The film is the story about Mexican narcotics officer in Miguel Vargas (Charlton Heston) who is at a Mexican-American border town set to testify against a famed drug lord as he later becomes a target. After witnessing a car explosion at the border with his wife Susie (Janet Leigh), Vargas takes part in the investigation as does a revered police captain named Hank Quinlan (Orson Welles) and his partner Pete Menzies (Joseph Calleia). Things eventually get troubling when Vargas believes something isn’t right about Quinlan while Susie is targeted by the drug lord’s brother Grandi (Akim Tamiroff) who makes a deal with Quinlan to discredit Vargas and his idealism. It’s a plot scenario that is film noir at its finest yet it goes even deeper into the world of corruption as well as what people will do in order to fulfill their idea of justice.
The screenplay that Orson Welles created, with contributions from Paul Monash and Franklin Coen, doesn’t follow a traditional formula of sorts as it starts out with a bang where Vargas and his wife witness a car explosion happened where the victim turned out to be part of some other kind of plot.
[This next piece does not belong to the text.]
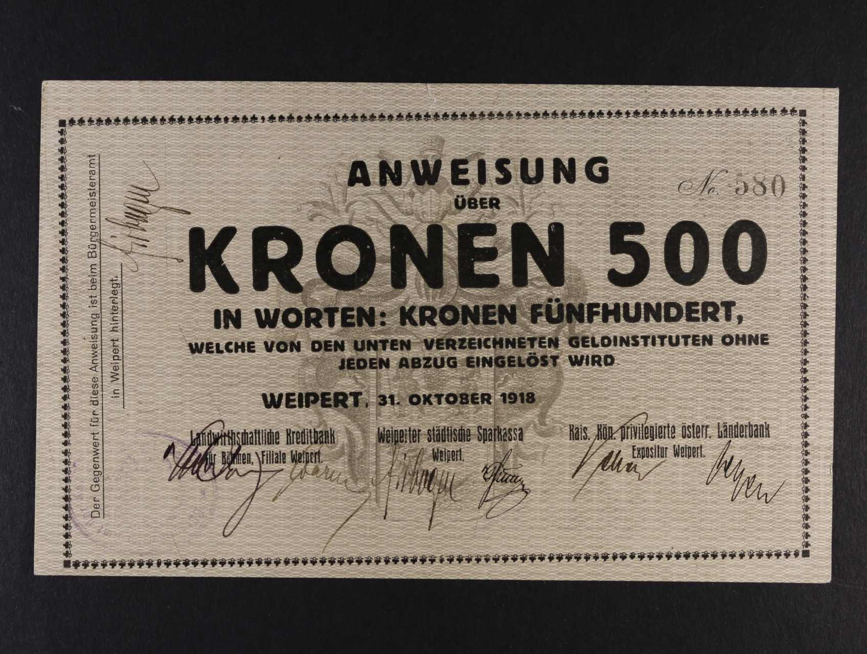 Weipert (Vejprty), 500 K 30.10.1918 město, D.H. 233.4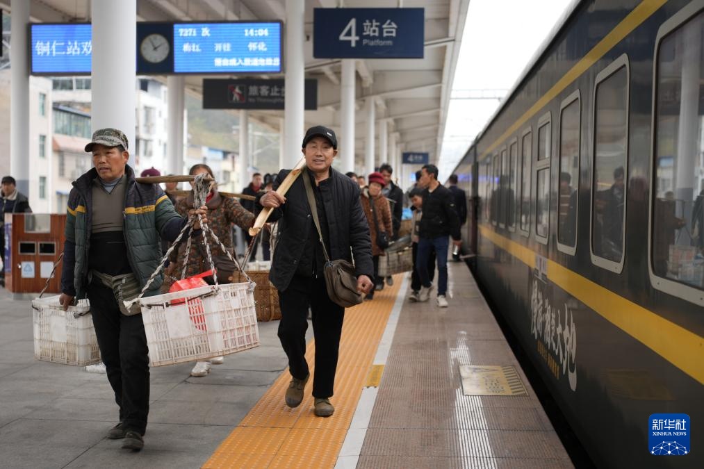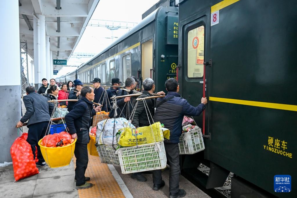 2月12日,村民挑着新鲜果蔬准备搭乘7272次公益性“慢火车”前往贵州铜仁。新华社记者 刘续 摄

Vargas, who is this idealistic officer, takes part of the investigation as he wants to know what is going on though he is unaware that he’s being targeted. With Vargas distracted by his work as he is unable to do things with Susie on their honeymoon, Grandi decides to go after Susie as a way to target Vargas who will be testifying against his brother. Grandi would send his nephews to keep watch on Susie as she ends up staying in a motel in the middle of nowhere as she finds herself in big trouble. Adding to this chaos for Vargas is the presence of Hank Quinlan who is this larger than life man with a notoriety for getting his criminals.
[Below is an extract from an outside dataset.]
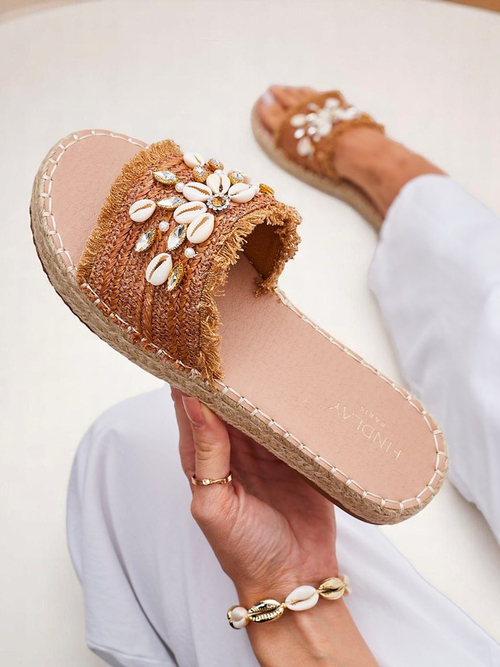 Сандали Royalfashion Callista Boho Camel на плоска платформа с мидички

Quinlan is a unique individual who is this very big man who walks with a cane as both cops and criminals tend to fear him. Vargas knows about Quinlan but is baffled into why this man has a great reputation yet during an investigation where they question a young man named Sanchez (Victor Millan). Vargas realizes what Quinlan does where he realizes that something isn’t right about him that only few people seem to know. Vargas confronts Quinlan’s longtime partner Menzies who is either denying about Quinlan or doesn’t really know what’s happening once Vargas finally piece out Quinlan’s methods. Still, Quinlan is a man knows that he is in trouble where he makes a deal with Grandi to do something about Vargas. The script definitely has this air of suspense that occurs that builds up as the story progresses while it contains this very stylized language that is definitely an attribute of film noir.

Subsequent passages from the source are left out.